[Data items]
++++

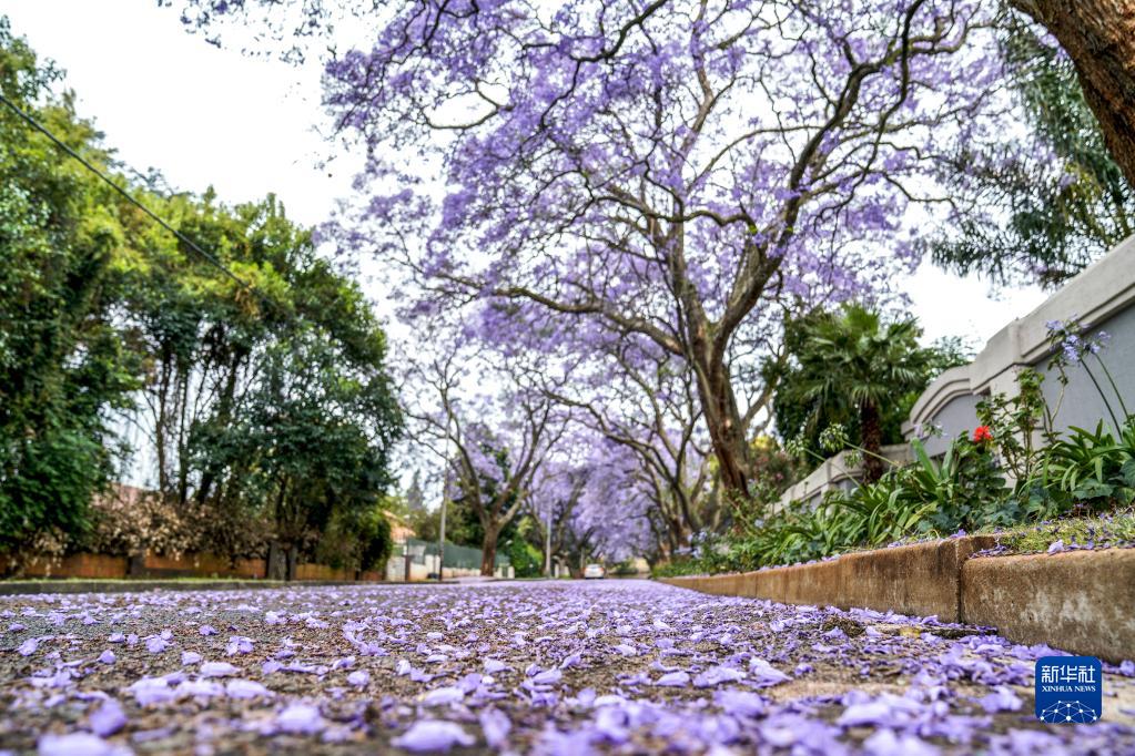 這是10月24日在南非約翰內斯堡拍攝的盛開的藍花楹。
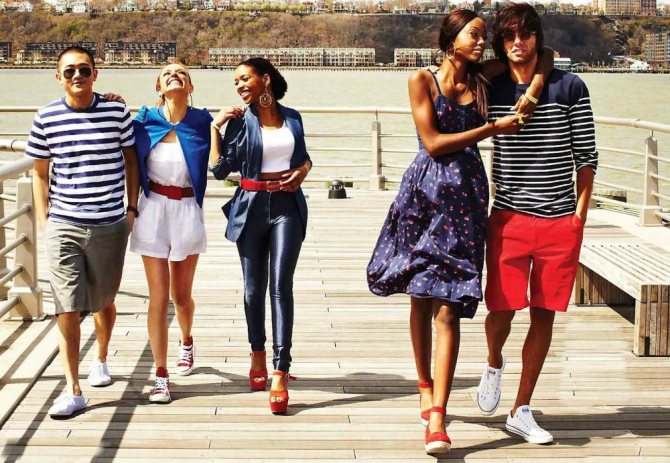 Несомненно, самым узнаваемым предметов, несущим на себе отпечаток соленых брызг и шепота волн можно назвать тельняшку, которая чаще всего находит свое место в современных образах стиля marine. Она чаще всего комбинируется с облегающими узкими джинсами, классическими брюками темно-синего или черного оттенка, с юбкой или шортами. Также не менее узнаваема и популярна матроска, которая дошла до наших дней в практически неизменном виде. Это форменная блуза матроса, характерной чертой которой является большой квадратной формы отложной воротник, который так и стал называться – матросским. Но только этими двумя предметами гардероб морского стиля не заканчивается. Практически каждый предмет платяного шкафа может быть выполнен в стиле marine или сочетаться с ним.
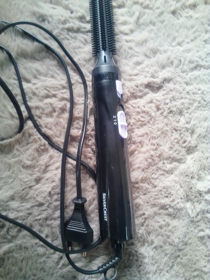 Brosse soufflante de la marque silvercrest avec embout rond fixe qui permet de faire des ondulations. Fonctionne parfaitement à très peu servie.
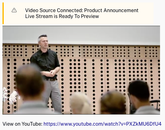 - Cliquez sur le lien Aperçu du flux en direct en haut de la page, puis cliquez sur Aperçu. Cliquez sur le bouton Lecture pour afficher un aperçu du flux en direct YouTube. C'est le flux que YouTube diffusera afin de confirmer qu'il est comme prévu.
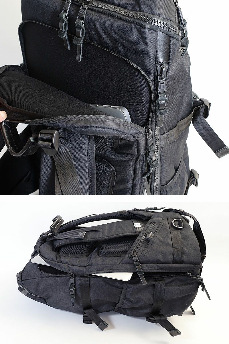 機能性抜群、小物類ポケットやタウンユースに欠かせないPC収納も完備。
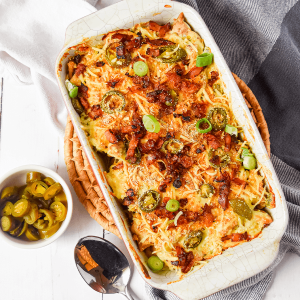 Veel mensen denken dat koolhydraatarm eten betekent dat je jezelf moet beperken, maar dit gerecht bewijst het tegendeel. Door de aardappels en pasta te vervangen door bloemkool krijg je een maaltijd die licht is voor je lichaam, maar toch een stevige bite heeft. De eiwitten uit de kip en de vetten uit het spek en de kaas zorgen ervoor dat je lang verzadigd blijft zonder dat je een zwaar gevoel ervaart. De zachte bloemkool neemt tijdens het garen de smaken van het geheel op, waardoor je een rijk gerecht krijgt dat volledig past binnen een bewuste levensstijl. Dit is comfortfood dat troost biedt, zonder dat je inlevert op je doelen of gezondheid.
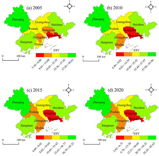 Spatial distribution of ESV in the PRD urban agglomeration from 2005 to 2020.
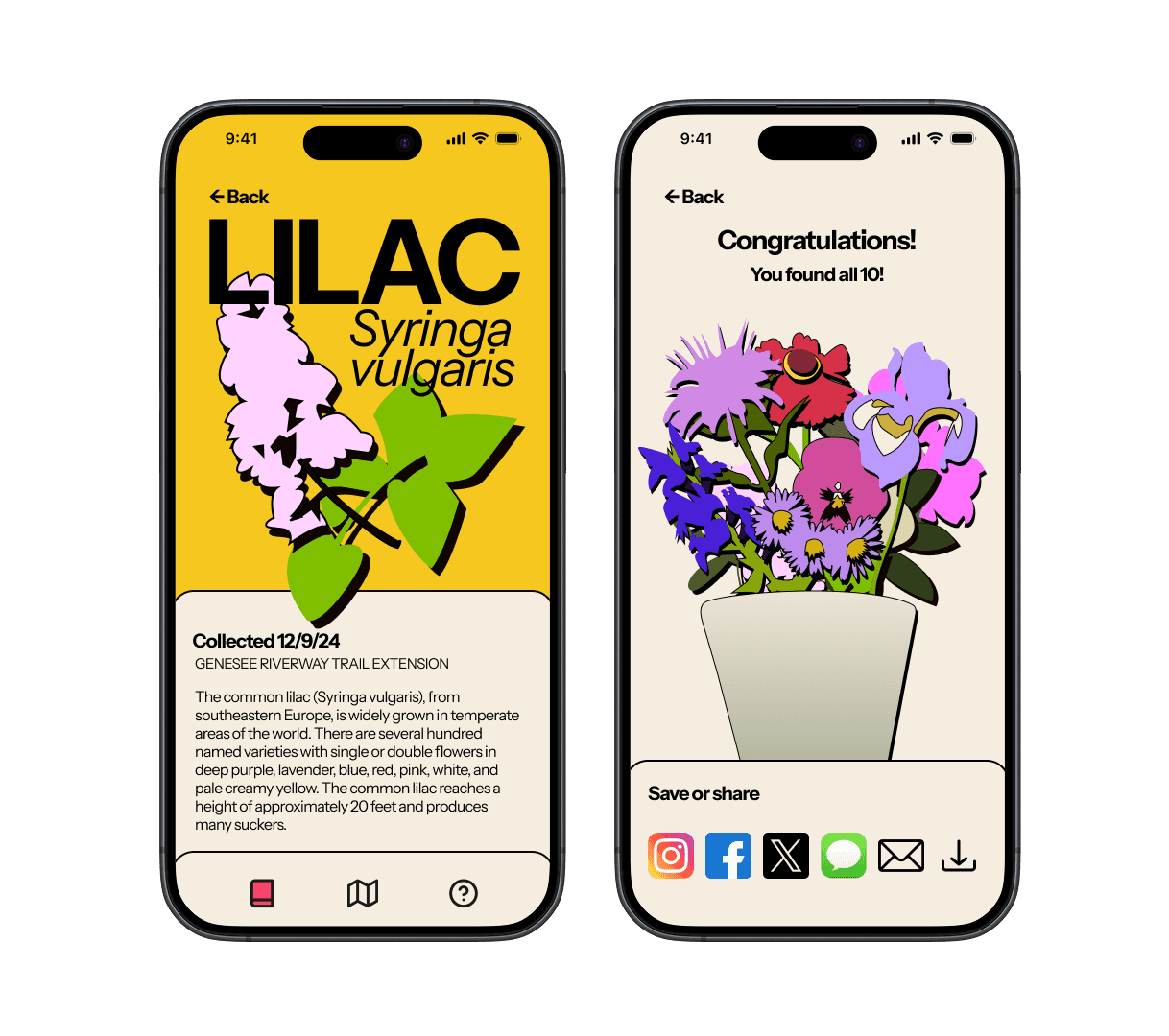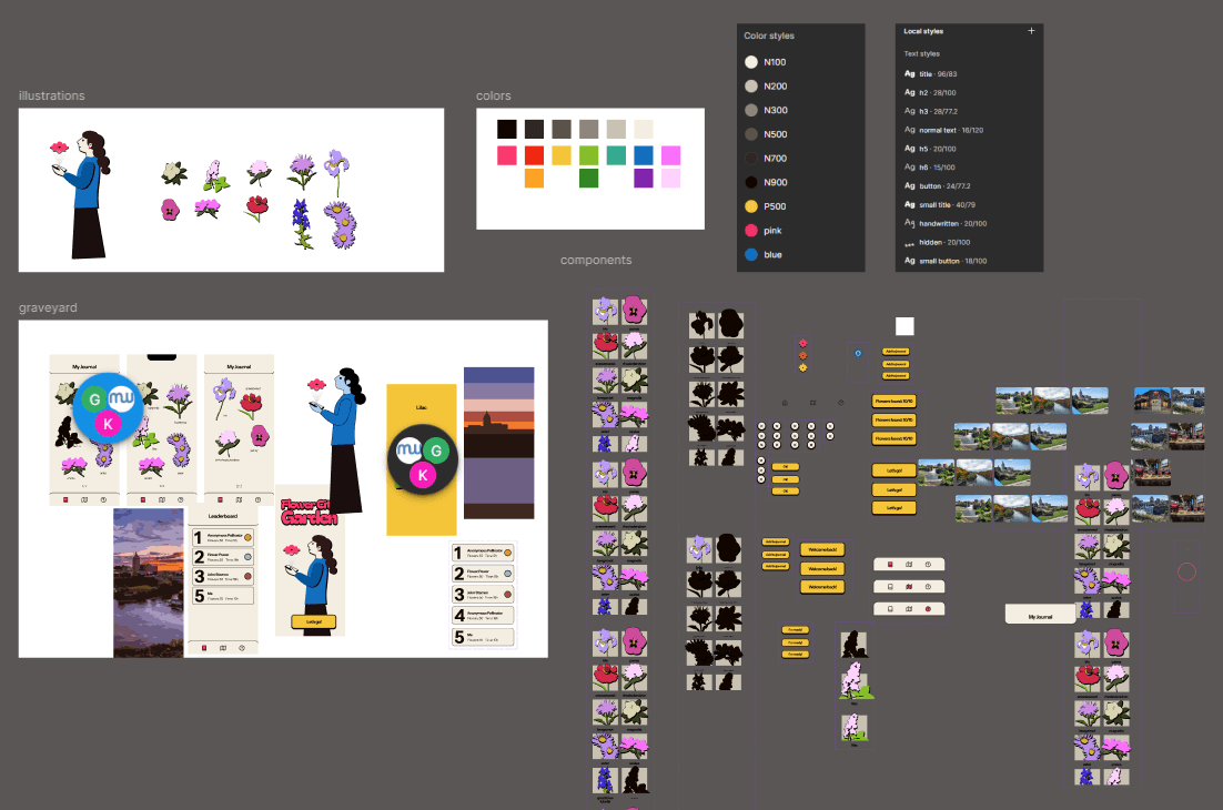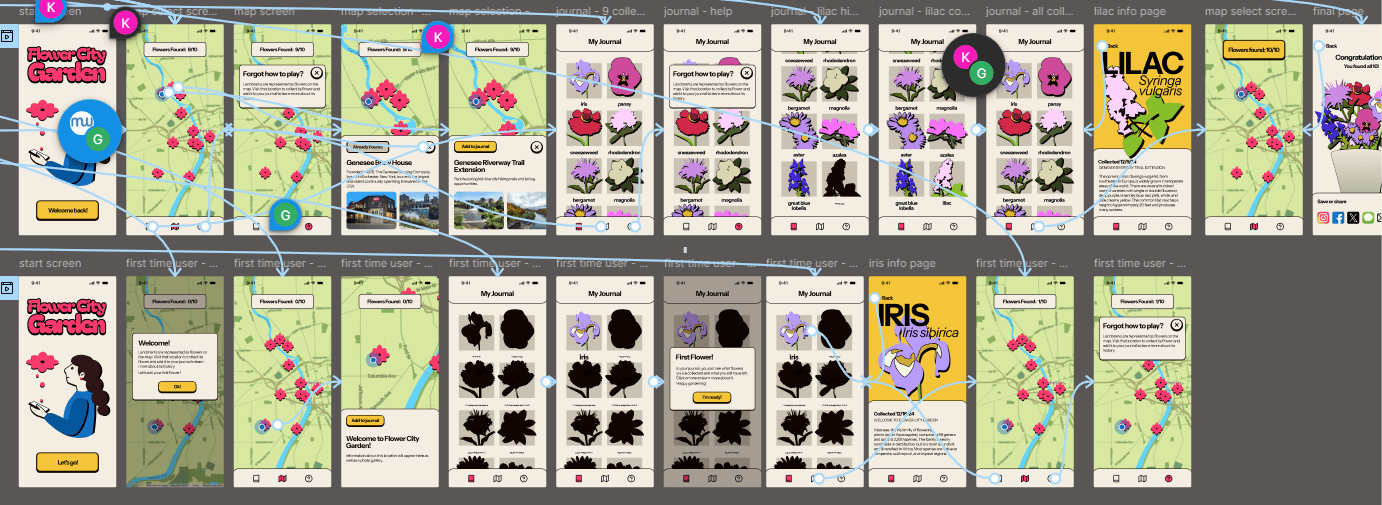 The map and location functions were critical because they needed to look and function in a way that was different from competitors like Google Maps in order to keep users on the app. I kept iterating until I found a good balance between fun and function. The colorful UI and use of flowers as pins keeps users engaged and looking forward to learning about each flower they find, especially with the addition of the bouquet when all of the locations are visited. Ultimately, this app would lead to real-world engagement and strengthen Rochester’s community, furthering the goals of ROC the Riverway and getting people outside.

++++

• _Exercise_
Exclude the pictures, and output exactly the lines from the one with "機能性抜群、小物類ポケットやタウンユースに欠かせないPC収納も完備。" through the last line of the records, both included.

• _Task answer_
 機能性抜群、小物類ポケットやタウンユースに欠かせないPC収納も完備。
 Veel mensen denken dat koolhydraatarm eten betekent dat je jezelf moet beperken, maar dit gerecht bewijst het tegendeel. Door de aardappels en pasta te vervangen door bloemkool krijg je een maaltijd die licht is voor je lichaam, maar toch een stevige bite heeft. De eiwitten uit de kip en de vetten uit het spek en de kaas zorgen ervoor dat je lang verzadigd blijft zonder dat je een zwaar gevoel ervaart. De zachte bloemkool neemt tijdens het garen de smaken van het geheel op, waardoor je een rijk gerecht krijgt dat volledig past binnen een bewuste levensstijl. Dit is comfortfood dat troost biedt, zonder dat je inlevert op je doelen of gezondheid.
 Spatial distribution of ESV in the PRD urban agglomeration from 2005 to 2020.
 The map and location functions were critical because they needed to look and function in a way that was different from competitors like Google Maps in order to keep users on the app. I kept iterating until I found a good balance between fun and function. The colorful UI and use of flowers as pins keeps users engaged and looking forward to learning about each flower they find, especially with the addition of the bouquet when all of the locations are visited. Ultimately, this app would lead to real-world engagement and strengthen Rochester’s community, furthering the goals of ROC the Riverway and getting people outside.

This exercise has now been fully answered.